1967年、東映京都、野村胡堂原作、田坂啓+山内鉄也脚本、山内鉄也監督作品。

1966年から始まり、その後、888回放送という長寿番組になる大川橋蔵主演のテレビ時代劇「銭形平次」の劇場版。当然、本作の主題歌もテレビ同様、舟木一夫歌う有名な「♪おと〜こだったら〜、一つに賭ける〜…♪」である。

▼▼▼▼▼最初にストーリーを書いていますので、ご注意ください!コメントはページ下です。▼▼▼▼▼

たまたま同じ賭場にいたため、突然の手入れで捕まってしまった三人の不良たちが、各々牢で名乗りあう。

一人は、目明かしだった父亡き後、鳶政(河野秋武)に育てられながらもぐれてしまった平次(大川橋蔵)、賭場でその平次のきっぷに惚れ、子分にしてくれと頼み込むガラッ八こと八五郎(大辻伺郎)、そして、平次とは幼馴染みだった事を打ち明ける辰之助(小池朝雄)であった。平次も、子供ながらもしじみ売りをして生活を支えていた貧しい時代の辰之助を思い出す。

そんな平次を引き取りに来たのは、鳶政とその娘お静(水野久美)であった。
夜だったにもかかわらず、平次とお静を先に帰し、一人で別行動を取った鳶政は、かねてより相談を受けていた材木商の上州屋に脅迫状を送りつけていた千里の虎という謎の男の一味に襲撃される。

翌朝、若い女との心中遺体として発見された鳶政を見た平次は、三輪の万七の推理に異義を唱える。

鳶政は殺されたと確信した平次は、父の代より懇意だった与力の笹野新三郎(大友柳太朗)に、自分も目明かしにしてくれと頼みに行く。
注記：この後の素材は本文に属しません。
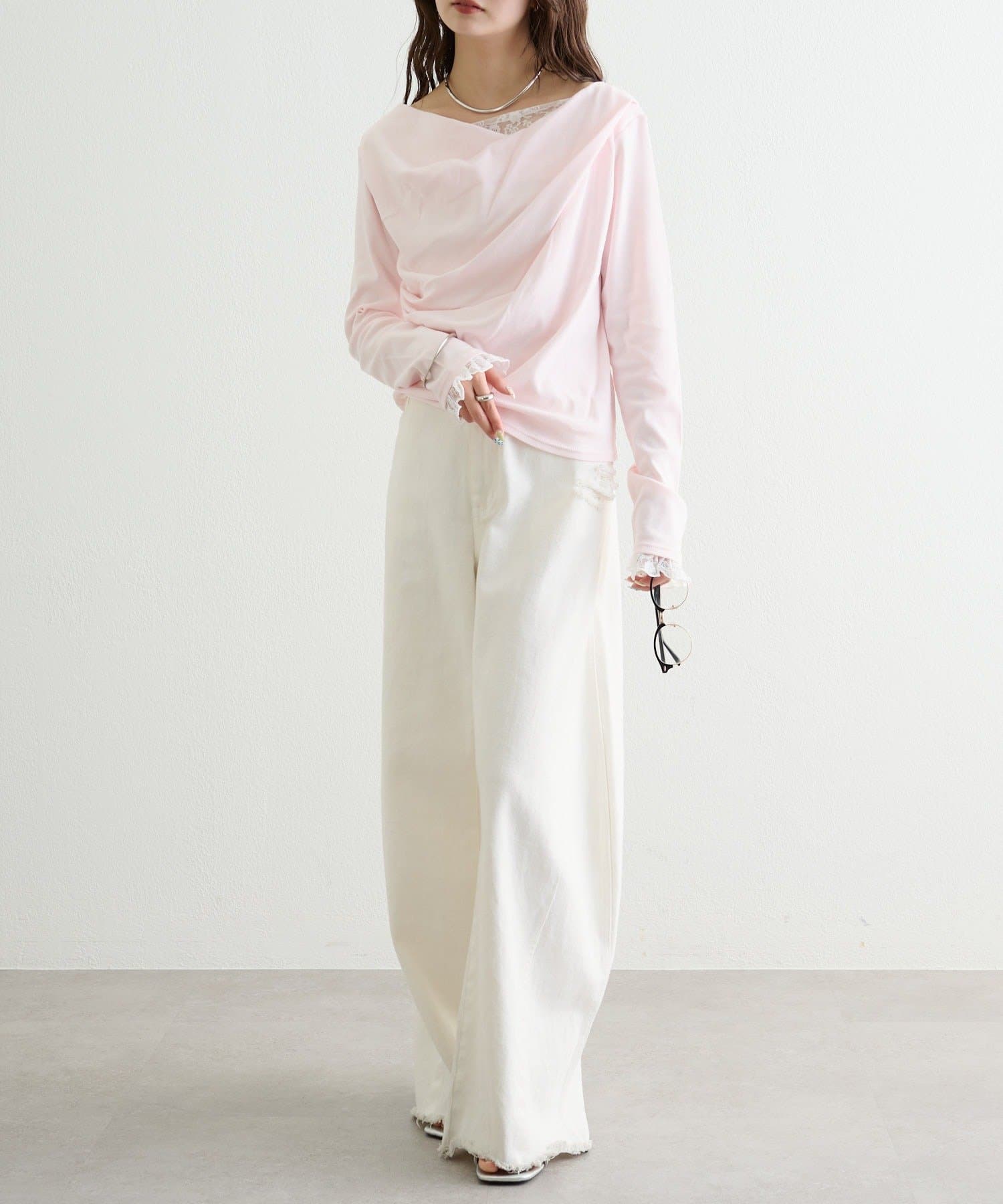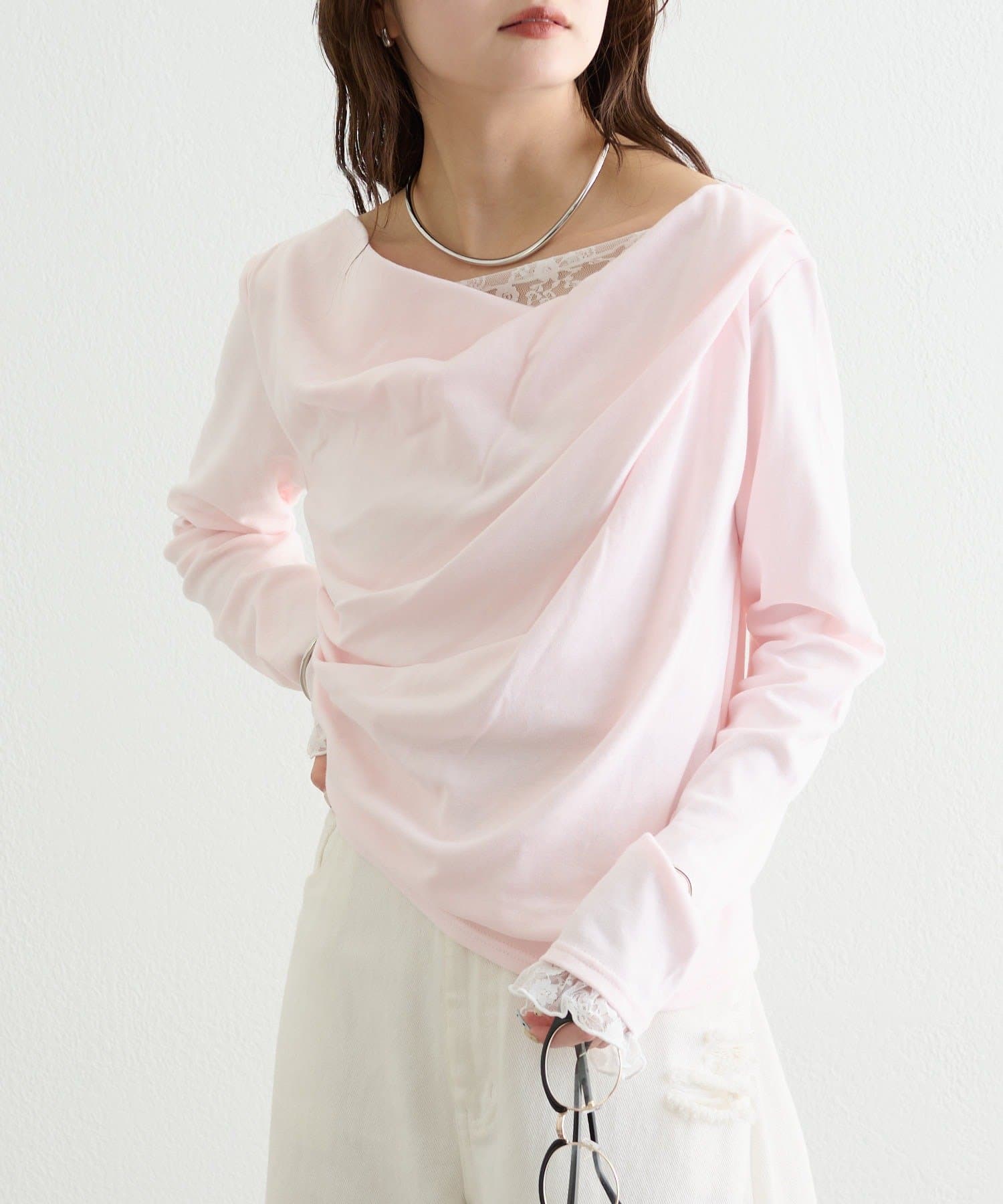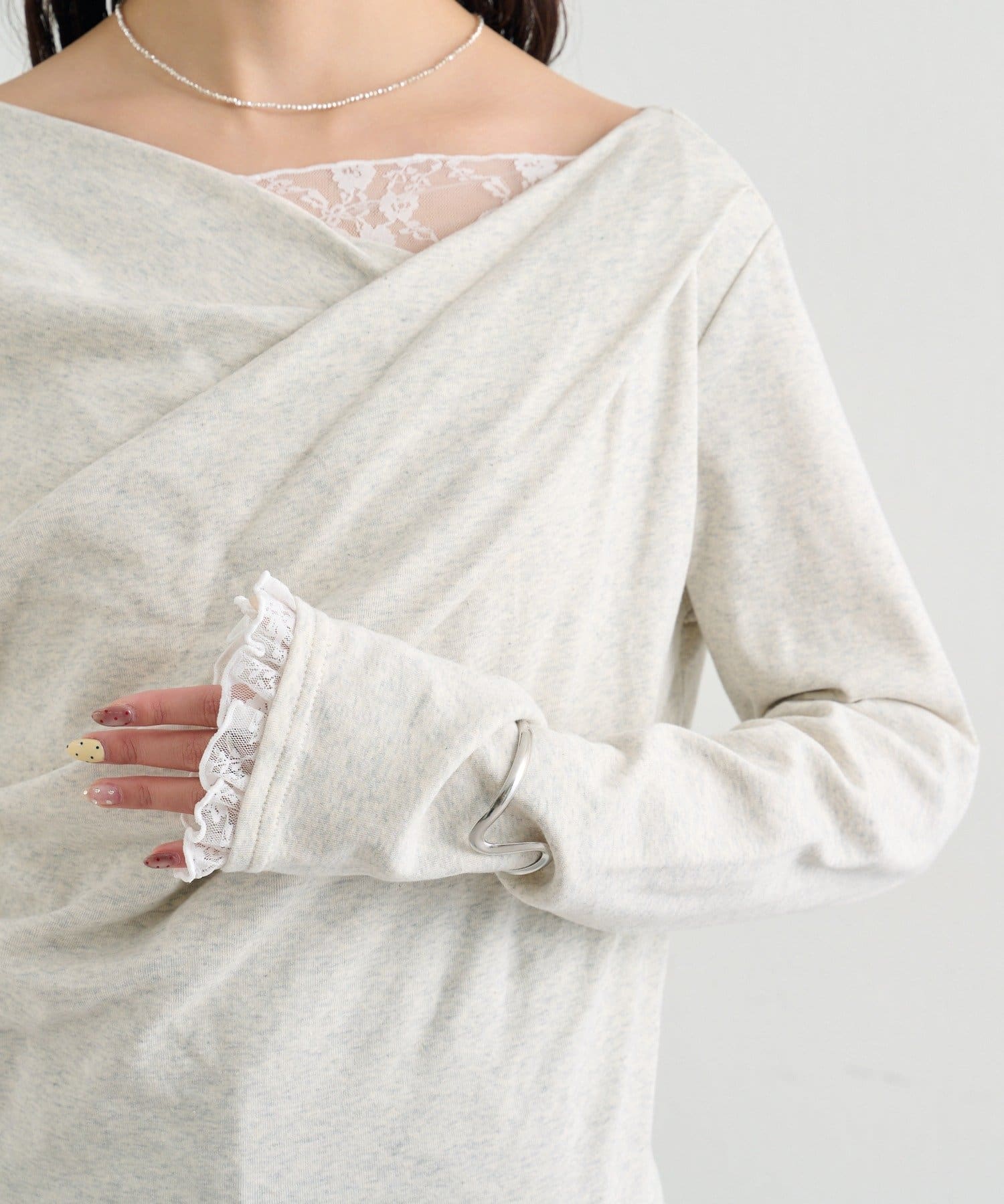 A.ロングセラーのオフショルロンTをバージョンアップして、今年はレースがドッキングされた仕様となり、より1枚で決まるデザインになりました!

笹野は、黙って、平次の父親が遺していた十手を彼に引き渡すのだった。

十手を授かった平次は、帰宅途中、さっそく、千里の虎の一味から襲撃される。
そのピンチの最中登場したのは、前髪姿も凛々しい若き侍、橘一馬(舟木一夫)であった。

思わぬ一馬の加勢もあり、ほうほうの態で逃げる一味の中に、平次は辰之助の姿を発見する…。

 

▼▼▼▼▼個人的なコメントはここから下です。▼▼▼▼▼

大映の長谷川一夫主演の平次シリーズとは、基本設定が少し異なっているのが興味深い。
長谷川一夫版では平次は孤児で、目明かしの利助に育てられて一人前の目明かしになる。
一方、後に女房になるお静は水茶屋で働いていた…となっている。

本作でも、まだ、お静と平次は夫婦になっていない。
八五郎との出合いも描かれており、どうやら、この後もシリーズ化を狙っていた節も見受けられる。
ただ、残念ながら、この大川橋蔵版平次の劇場版はシリーズ化される事はなかった。
結果的に、劇場版としての本作が成功しなかったからだと思われる。

映画版と言ってもテレビの感覚に近く、妙に明るく平板な照明、人物のアップの多用、全体的な絵作りのせせこましさなど、映画特有の迫力には程遠い画面になっている。

筋立ても、どうと言う事もなく、すぐに察しが付いてしまう程度の事件で、推理ものとしての醍醐味にも乏しいと言わざるを得ない。

平次とお静が、各々、別の場所にある敵の本拠地に乗り込んだりする所が、一応、クライマックスになるのだが、通俗活劇の域を出るものではなく、特に成功していると言いがたいのが残念。

水野久美のお静というのも意外性はあるが、はたして適役かどうだったかは疑問が残る所だろう。

せいぜい、千里の虎の一味として、川谷拓三の顔が混じっている所などが見所といったか。

やはり、橋蔵版の平次といえば、テレビシリーズにとどめを刺すという事だろう。